(WORK INSTRUCTION): Without any images, write the data out exactly as it appears.

(RAW DATA):
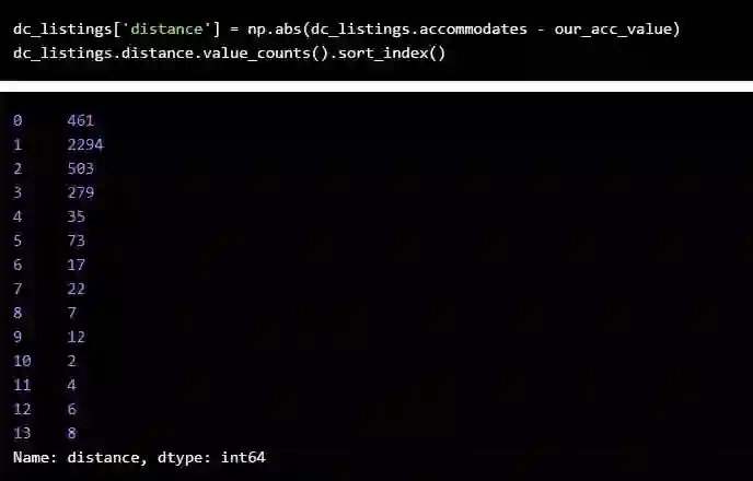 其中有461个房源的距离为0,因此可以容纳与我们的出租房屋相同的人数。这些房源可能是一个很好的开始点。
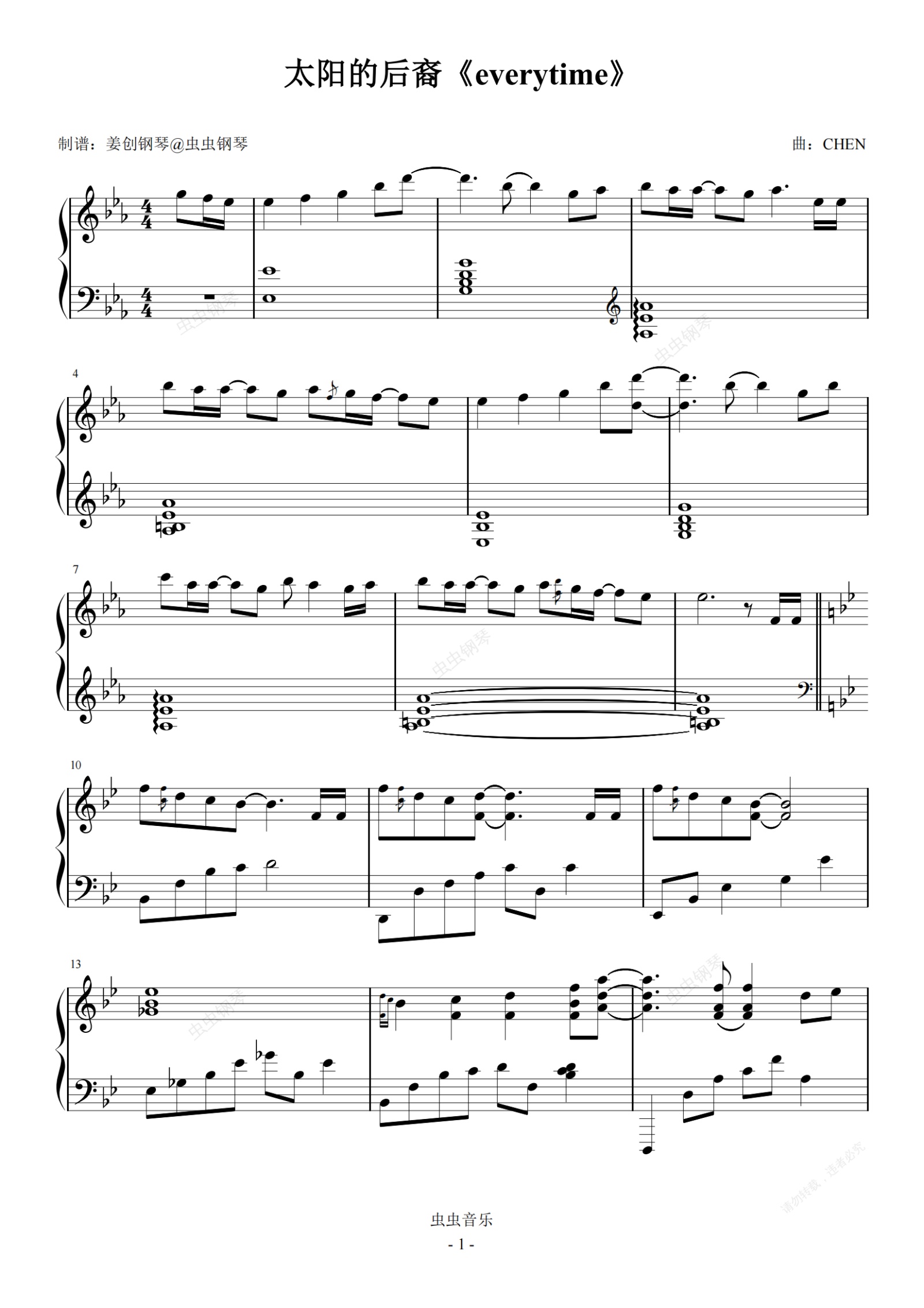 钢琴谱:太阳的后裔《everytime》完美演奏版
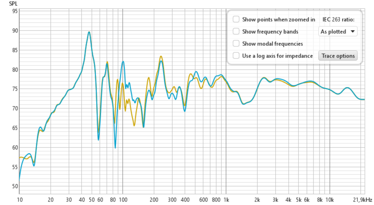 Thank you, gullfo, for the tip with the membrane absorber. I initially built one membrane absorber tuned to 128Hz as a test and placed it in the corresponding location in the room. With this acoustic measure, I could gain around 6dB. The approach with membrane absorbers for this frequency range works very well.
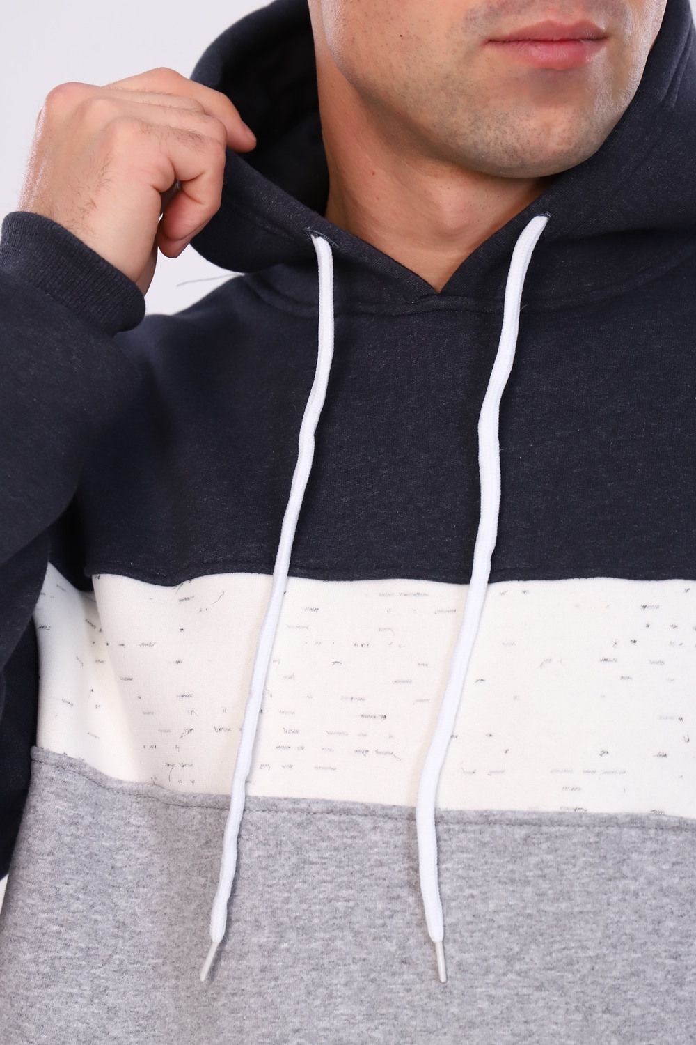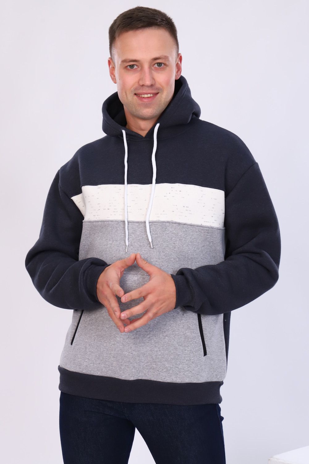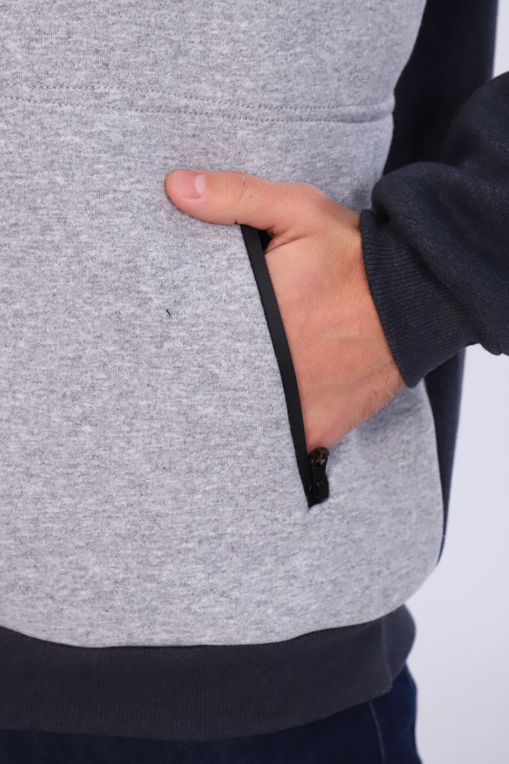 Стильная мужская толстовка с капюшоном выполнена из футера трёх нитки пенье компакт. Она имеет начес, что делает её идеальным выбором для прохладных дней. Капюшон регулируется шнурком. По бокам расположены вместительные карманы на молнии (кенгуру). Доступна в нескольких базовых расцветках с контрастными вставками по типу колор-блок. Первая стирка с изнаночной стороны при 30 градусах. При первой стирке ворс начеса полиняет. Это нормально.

(OUTPUT OF THE TASK):
 其中有461个房源的距离为0,因此可以容纳与我们的出租房屋相同的人数。这些房源可能是一个很好的开始点。
 钢琴谱:太阳的后裔《everytime》完美演奏版
 Thank you, gullfo, for the tip with the membrane absorber. I initially built one membrane absorber tuned to 128Hz as a test and placed it in the corresponding location in the room. With this acoustic measure, I could gain around 6dB. The approach with membrane absorbers for this frequency range works very well.
 Стильная мужская толстовка с капюшоном выполнена из футера трёх нитки пенье компакт. Она имеет начес, что делает её идеальным выбором для прохладных дней. Капюшон регулируется шнурком. По бокам расположены вместительные карманы на молнии (кенгуру). Доступна в нескольких базовых расцветках с контрастными вставками по типу колор-блок. Первая стирка с изнаночной стороны при 30 градусах. При первой стирке ворс начеса полиняет. Это нормально.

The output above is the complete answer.